DATA FOR THE TASK
# # #

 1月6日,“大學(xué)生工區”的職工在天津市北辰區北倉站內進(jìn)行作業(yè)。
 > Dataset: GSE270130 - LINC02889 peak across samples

# # #

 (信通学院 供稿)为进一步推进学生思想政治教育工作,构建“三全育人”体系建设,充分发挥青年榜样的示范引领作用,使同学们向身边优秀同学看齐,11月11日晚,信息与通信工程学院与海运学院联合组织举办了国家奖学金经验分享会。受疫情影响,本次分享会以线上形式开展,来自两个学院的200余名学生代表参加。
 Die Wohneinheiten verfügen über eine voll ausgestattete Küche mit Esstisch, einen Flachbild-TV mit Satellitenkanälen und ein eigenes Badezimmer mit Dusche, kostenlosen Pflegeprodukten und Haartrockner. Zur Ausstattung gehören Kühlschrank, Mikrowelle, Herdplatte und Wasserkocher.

# # #

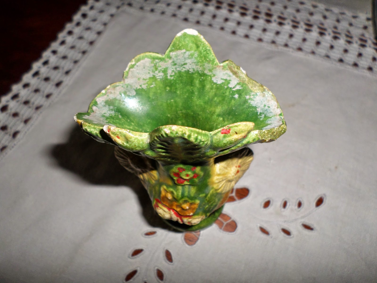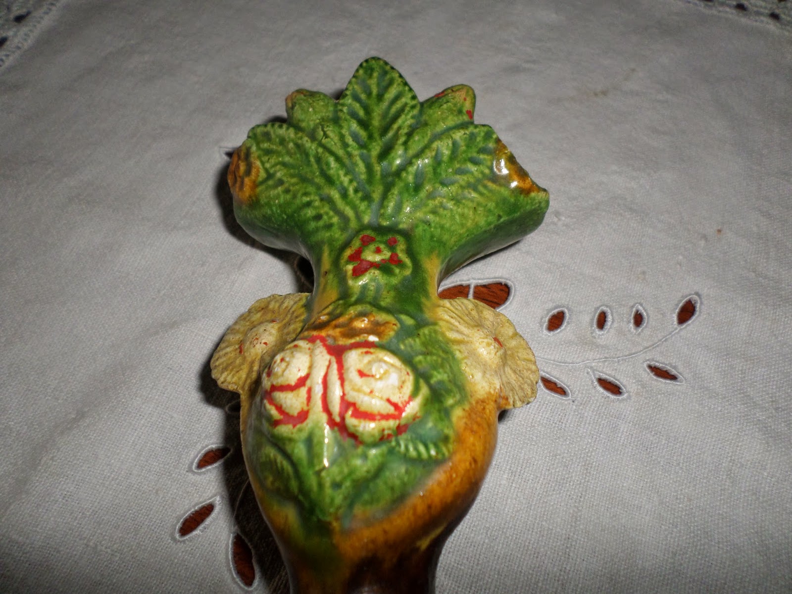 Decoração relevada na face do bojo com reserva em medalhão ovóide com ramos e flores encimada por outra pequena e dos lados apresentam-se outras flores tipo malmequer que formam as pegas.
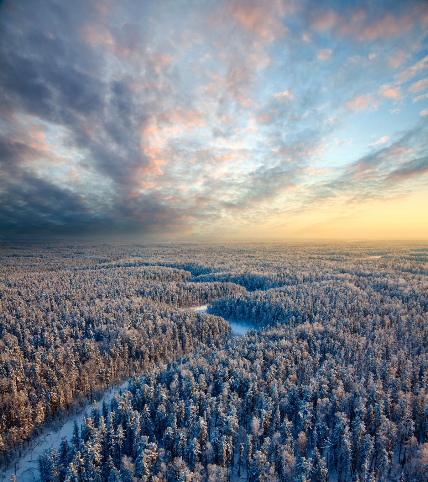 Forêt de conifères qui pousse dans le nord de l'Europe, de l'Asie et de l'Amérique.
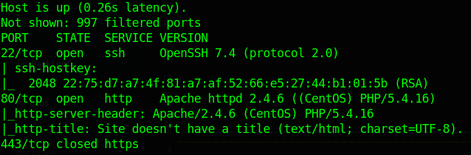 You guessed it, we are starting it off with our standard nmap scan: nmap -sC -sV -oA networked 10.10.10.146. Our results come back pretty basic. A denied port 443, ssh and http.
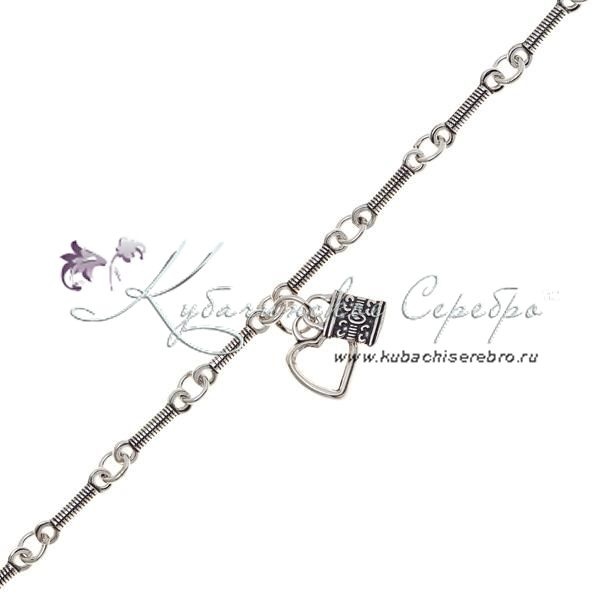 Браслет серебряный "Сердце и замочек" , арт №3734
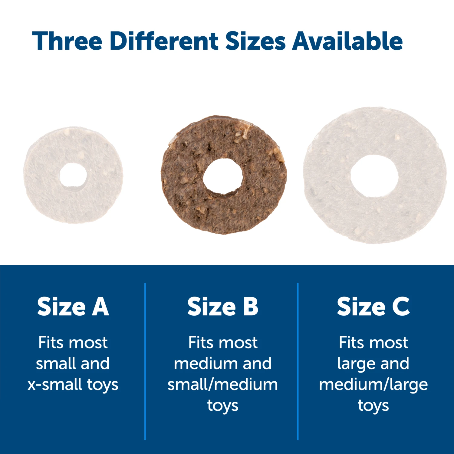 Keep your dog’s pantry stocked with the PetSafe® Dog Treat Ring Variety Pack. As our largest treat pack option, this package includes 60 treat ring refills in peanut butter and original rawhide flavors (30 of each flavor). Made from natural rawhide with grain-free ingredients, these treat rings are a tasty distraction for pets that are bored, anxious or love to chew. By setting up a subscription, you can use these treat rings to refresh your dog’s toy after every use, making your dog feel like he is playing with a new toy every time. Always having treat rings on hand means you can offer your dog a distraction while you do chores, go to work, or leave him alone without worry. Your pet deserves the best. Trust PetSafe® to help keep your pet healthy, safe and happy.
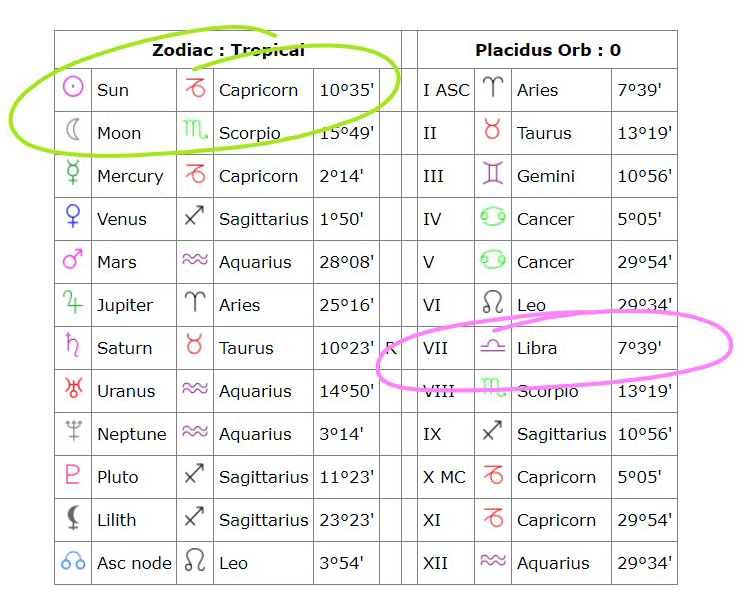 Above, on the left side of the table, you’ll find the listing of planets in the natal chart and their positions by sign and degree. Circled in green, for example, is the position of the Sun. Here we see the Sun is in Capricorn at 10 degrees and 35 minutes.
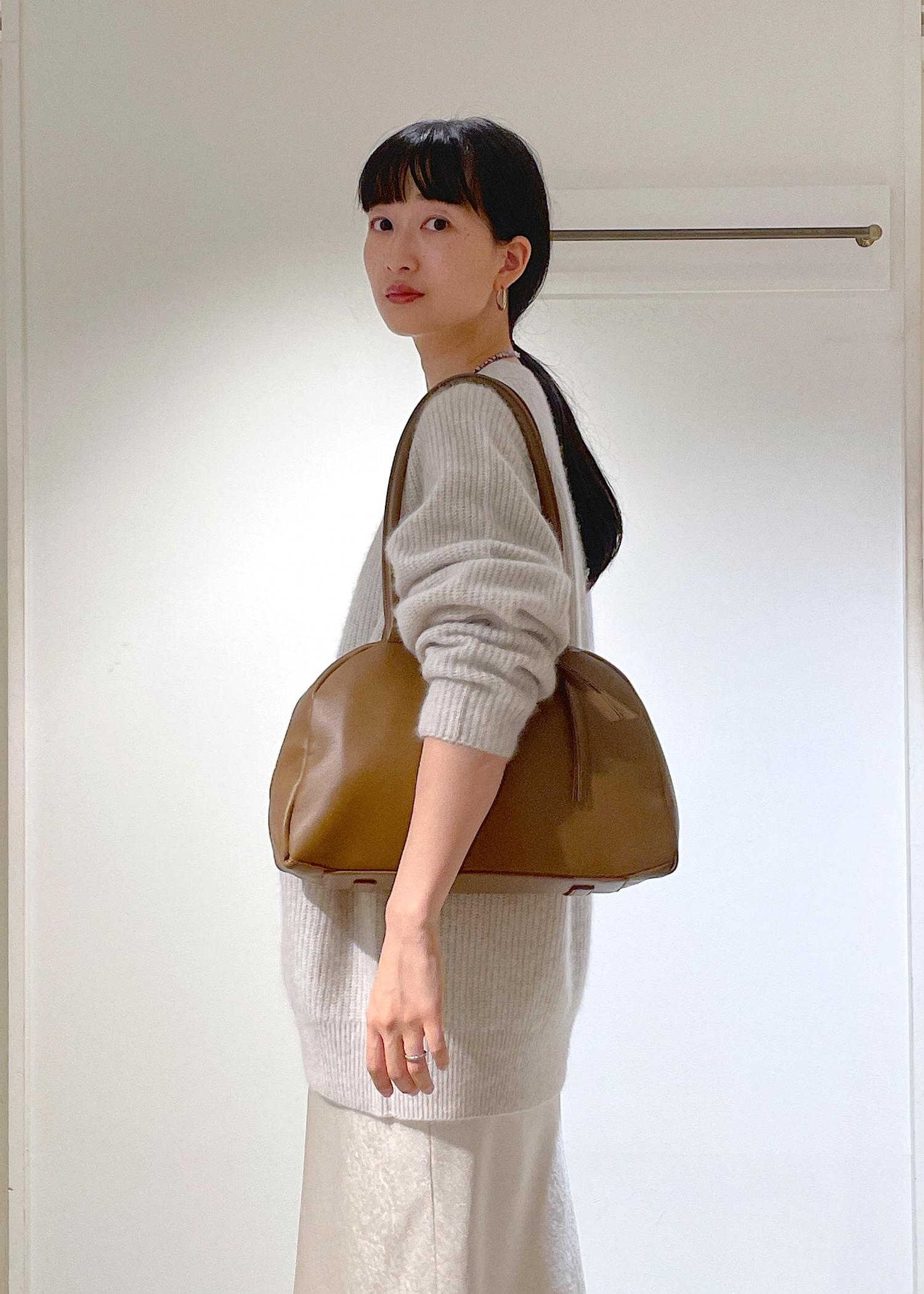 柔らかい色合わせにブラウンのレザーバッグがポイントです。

# # #

EXERCISE
Range to copy from the listing above: the line with "Forêt de conifères" through the line with "柔らかい色合わせにブラウンのレザーバッグがポイントです。". Transcribe it exactly and skip the pictures.

REPLY TO THE EXERCISE
 Forêt de conifères qui pousse dans le nord de l'Europe, de l'Asie et de l'Amérique.
 You guessed it, we are starting it off with our standard nmap scan: nmap -sC -sV -oA networked 10.10.10.146. Our results come back pretty basic. A denied port 443, ssh and http.
 Браслет серебряный "Сердце и замочек" , арт №3734
 Keep your dog’s pantry stocked with the PetSafe® Dog Treat Ring Variety Pack. As our largest treat pack option, this package includes 60 treat ring refills in peanut butter and original rawhide flavors (30 of each flavor). Made from natural rawhide with grain-free ingredients, these treat rings are a tasty distraction for pets that are bored, anxious or love to chew. By setting up a subscription, you can use these treat rings to refresh your dog’s toy after every use, making your dog feel like he is playing with a new toy every time. Always having treat rings on hand means you can offer your dog a distraction while you do chores, go to work, or leave him alone without worry. Your pet deserves the best. Trust PetSafe® to help keep your pet healthy, safe and happy.
 Above, on the left side of the table, you’ll find the listing of planets in the natal chart and their positions by sign and degree. Circled in green, for example, is the position of the Sun. Here we see the Sun is in Capricorn at 10 degrees and 35 minutes.
 柔らかい色合わせにブラウンのレザーバッグがポイントです。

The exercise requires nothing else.